- Material provided -
*-*-*

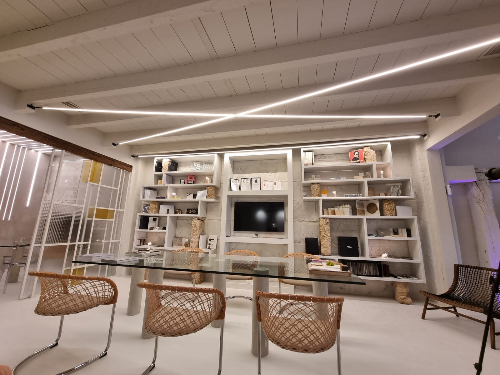 Este espacio único y especial, de carácter expositivo, representa la esencia Minimal a la perfección, la iluminación tiene un gran protagonismo y podemos ver varios elementos como por ejemplo la iluminación puntual para ensalzar obras de arte, mezclado con iluminaciones artísticas o decorativas, pasando por el led lineal como iluminación técnica.
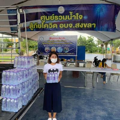 4. นางสาวภพภร ทองคณารักษ์ ผู้อำนวยการกองผังเมือง องค์การบริหารส่วนจังหวัดสงขลา มอบน้ำดื่ม 34 แพ็ค
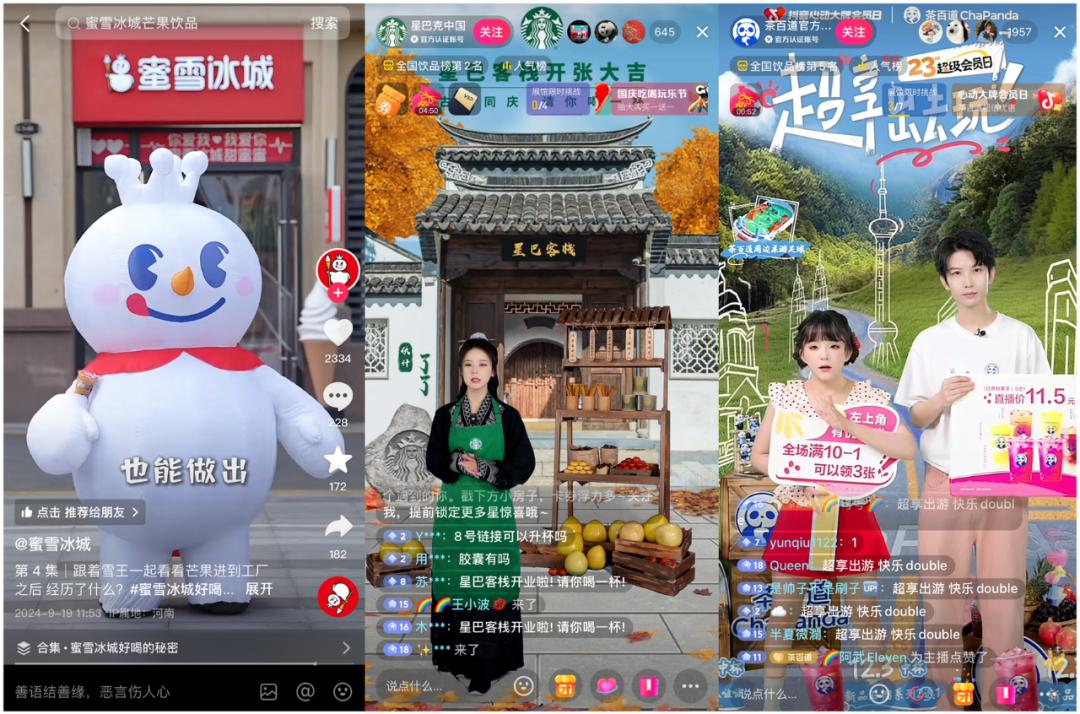 比如拿茶饮品牌来说,蜜雪冰城、星巴克、茶百道等在抖音就曾结合“秋天第一杯奶茶”的热点,左手依靠差异化的主题直播与短视频内容做营销,右手就利用「转赠」制造秋天第一杯奶茶的仪式感,据悉,蜜雪冰城单日转赠订单量就超过了10万单。

*-*-*

- Work task -
Could you repeat the data exactly, omitting its pictures?

- Task result -
 Este espacio único y especial, de carácter expositivo, representa la esencia Minimal a la perfección, la iluminación tiene un gran protagonismo y podemos ver varios elementos como por ejemplo la iluminación puntual para ensalzar obras de arte, mezclado con iluminaciones artísticas o decorativas, pasando por el led lineal como iluminación técnica.
 4. นางสาวภพภร ทองคณารักษ์ ผู้อำนวยการกองผังเมือง องค์การบริหารส่วนจังหวัดสงขลา มอบน้ำดื่ม 34 แพ็ค
 比如拿茶饮品牌来说,蜜雪冰城、星巴克、茶百道等在抖音就曾结合“秋天第一杯奶茶”的热点,左手依靠差异化的主题直播与短视频内容做营销,右手就利用「转赠」制造秋天第一杯奶茶的仪式感,据悉,蜜雪冰城单日转赠订单量就超过了10万单。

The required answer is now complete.